Thursday, February 10, 2005

A Paperless Office

ONE OF THE MAIN COMPONENTS of "extreme" technology is the true "paperless office" and a sophisticated computer network system that will allow workteam members to work from anywhere.

PAPERLESS OFFICE (If you cannot see this image in your browser, please click the refresh button.)
The technology, on which our paperless office will be based, will include a Digital Sender, scanning and voice-recognition software, and software that will convert scans into PDF (Portable Document Format) documents. This software will most likely come from ScanSoft, the leading supplier of speech and imaging solutions that are used to automate a wide range of manual processes - increasing productivity, reducing costs and improving customer service.
Many people are familiar with and use scanning devices, but a Digital Sender is slightly different in that it can be directly connected to a TCP/IP network. It's called a Digital Sender because it converts documents into images (like any scanner) but can then distribute them directly to a variety of destinations such as outgoing e-mail, faxes, or a printer.

A 100-page sheet-feeder is the starting point from which paper will be converted to TIF (Tagged Image Format) files and sent to an inbox on our main server. Anyone who opens the mail and finds an important document scans it. The key is to have everyone scanning as mail comes in. We do not want to perpetuate the problem with paper . . . that when one is searching for a document, they don't know whether to look in the file cabinet or the waiting-to-be-filed box.

However, the technology isn't the main point; the lifestyle that it makes possible is. On any given day, we want workteam members to be able to work from their home, from a restaurant or hotel, from their vacation house, or from our 10-acre campus in Potrero, California. We will all be connected to our Citrix server by a VPN (Virtual Private Network), and the scanned document database will be available to the entire workteam on a virtual network drive.

We will most likely use a technology similar to Samba, which maps a virtual drive (almost like flash memory) on its networked server. The server will be a dual-processor computer with hard drives in a RAID format (Redundant Array of Inexpensive Disks). The RAID setup will spread our important data across three hard disk drives, mirroring or creating redundancy from one disk to another. That way, if one disk crashes, the redundant disks contain a mirror image of what was on the crashed disk.

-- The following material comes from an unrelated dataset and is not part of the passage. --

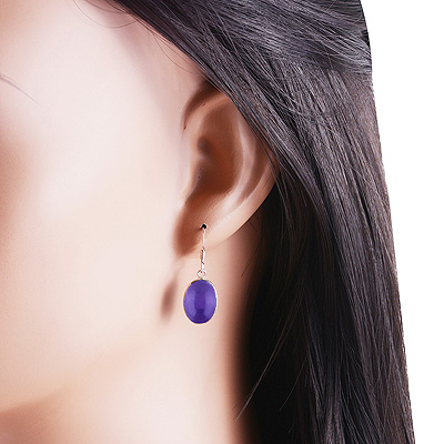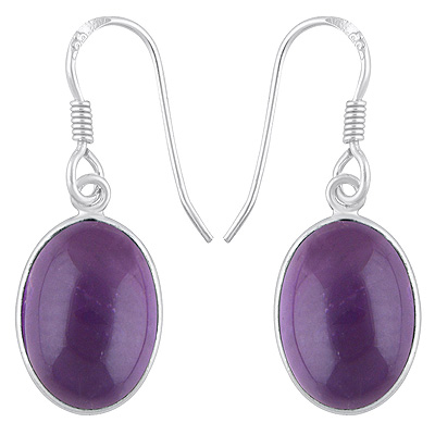 Home | Silver Earrings | Cabochon Earrings | Alluring Plain Bezel Amethyst Oval Shape 925 Sterling Solid Silver Dangle Earrings

Because RAID doesn't constitute a backup system in the usual sense, we will be using a high-end tape backup, and backup software (like "Amanda") designed for the Linux operating system.

Most people have heard of, but don't use, Linux and may not know exactly what it is. It's a relatively new operating system believed by many to be more stable than the high-end Windows operating systems. We will use Linux in conjunction with a program similar to VMWare, which will create a virtual Windows computer on which we will run our client software.

Note from DC: All of this means that remote computing will be fast and secure. But working outside the office doesn't mean never talking to clients and/or customers. For that, we will have a phone system that allows each of us to forward to his own remote location his own individual line, so people don't know whether they're calling a cell phone or a phone at an office or a residence.

2 Comments:

Blogger ctrl-alt-doll said...

If I may, I would like to extend an invitation to join a yahoo group for business people and individuals that have implemented paperless offices:

http://groups.yahoo.com/group/paperlesszone/

Also, please visit the group's blog:

http://paperless-zone.blogspot.com

Best wishes

Rita

3:02 PM  
Anonymous Anonymous said...

Running a Small Biz, Virtually

Sometimes, getting a good answer depends entirely on how you ask a question and whom you ask. Equation Research (www.equationresearch.com ) is a small company that specializes in doing survey research on behalf of other companies, where it's imperative to collect the right data and ask questions the right way.

The company, founded in 2000 by Mike Travis, its CEO, has large customers, such as Condé Nast Publications, and many small ones. In fact, PC Magazine outsources its annual reader satisfaction surveys to Equation Research (www.pcmag.com/sr ). Notably, though, Equation has never had any physical office space. It relies on Web hosting of survey data, survey-creation software with templates, online project management software, e-mail, and instant messaging to keep its 17 full-time employees and 13 freelancers networked. The employees—most from project management backgrounds, some with statistical training—are scattered about eight states. A dozen servers (mostly Dell machines), Linux operating systems, SQL databases, firewalls, and password-protected security implementations keep Equation's surveys running smoothly.